When news spread that David Smith was retiring and closing Pockets Menswear in 2013, customers were dismayed. “They said, ‘What are we going to do?’ recalls Doug Duckworth, a Pockets staffer for 36 years. “And the wives said, ‘My husband is so depressed.’”
Few merchants generate such loyalty and emotion, but Smith and staff had become close to clients, in some cases dressing father, son, and grandson. It wasn’t a difficult decision, then, for Duckworth to band with fellow buyer and salesman Andy Weil to purchase Pockets’ intellectual property.
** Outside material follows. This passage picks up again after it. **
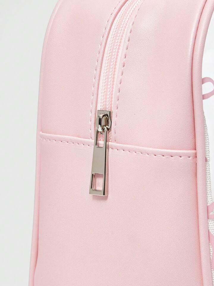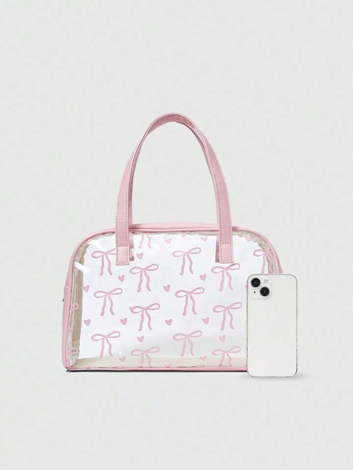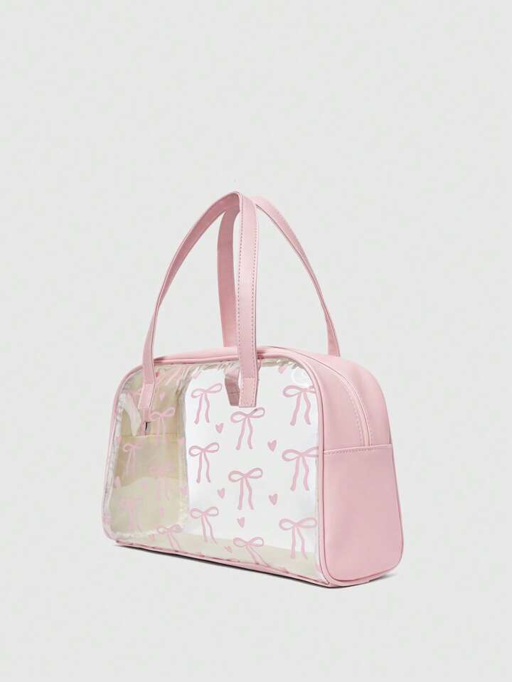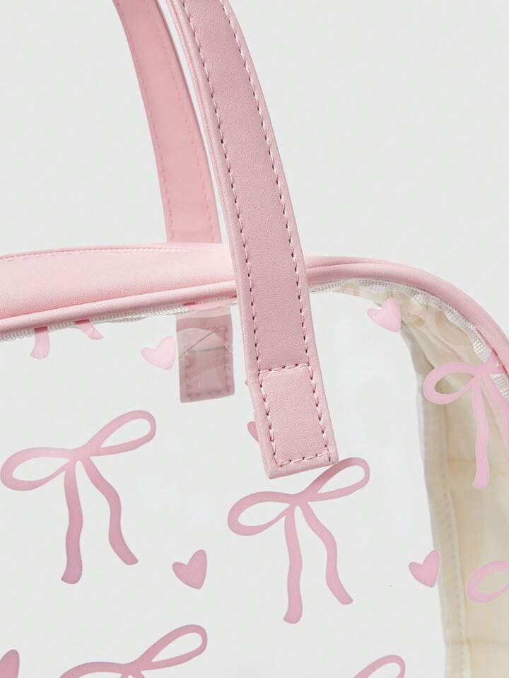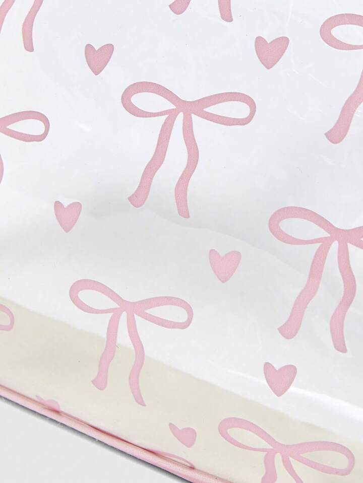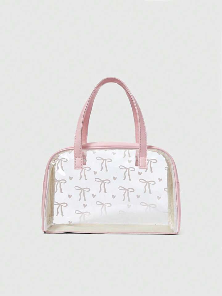 Kawaii 1 pieza Bolso organizador de cosméticos transparente con estampado de mariposa rosa, bolsa de almacenamiento de maquillaje portátil de gran capacidad, adecuado para viajes, playa, resort

Weil had 10 years of tenure at the store, and both knew their clients well. “Pockets is a fantastic brand with a great reputation,” Duckworth says. “We want to continue that legacy into the next generation,”
The partners had already become adept at scouting the market to create Pockets’ signature style, which Weil describes as “classic but different, fashion but not high fashion.” In other words, it’s executive-friendly. Pockets’ clientele, which numbers somewhere around 3,000, includes sports heroes like Troy Aikman as well as physicians, attorneys, and real estate developers.
Smith had sold his shop’s lease in Highland Park Village to Ermenegildo Zegna, a posh Italian clothier that had been a longtime vendor. Weil and Duckworth took their time securing a space for their new venture, closing Pockets for five months beginning in May 2013. Some customers made purchases out of Weil’s residence during the hiatus. “My house was full,” he says. “We had clothing everywhere.”
Pockets has been in its new home in the Plaza at Preston Center for about a year. The 3,000-square-foot shop is a bit smaller than its predecessor, but the blonde wood and cream décor gives it a very similar ambiance.
The void left by Zegna pulling out to run its own shop has been filled by the addition of Oxxford Clothes and a larger selection of higher-end suits from Canali. Pockets has also expanded its Luciano Barbera offerings by adding suits; has a strong relationship with Sartoria Partenopea, a largely handmade menswear line from Naples; and last year it picked up Eidos Napoli, the youthful new collection of sportswear, denim, and suits under the umbrella of Italian menswear giant Isaia.
Pockets’ new owners are aiming for $2.5 million to $3 million in first-year sales, and they say so far, so good. “We have definitely exceeded our expectations,” Duckworth affirms, “probably by 18 to 20 percent.”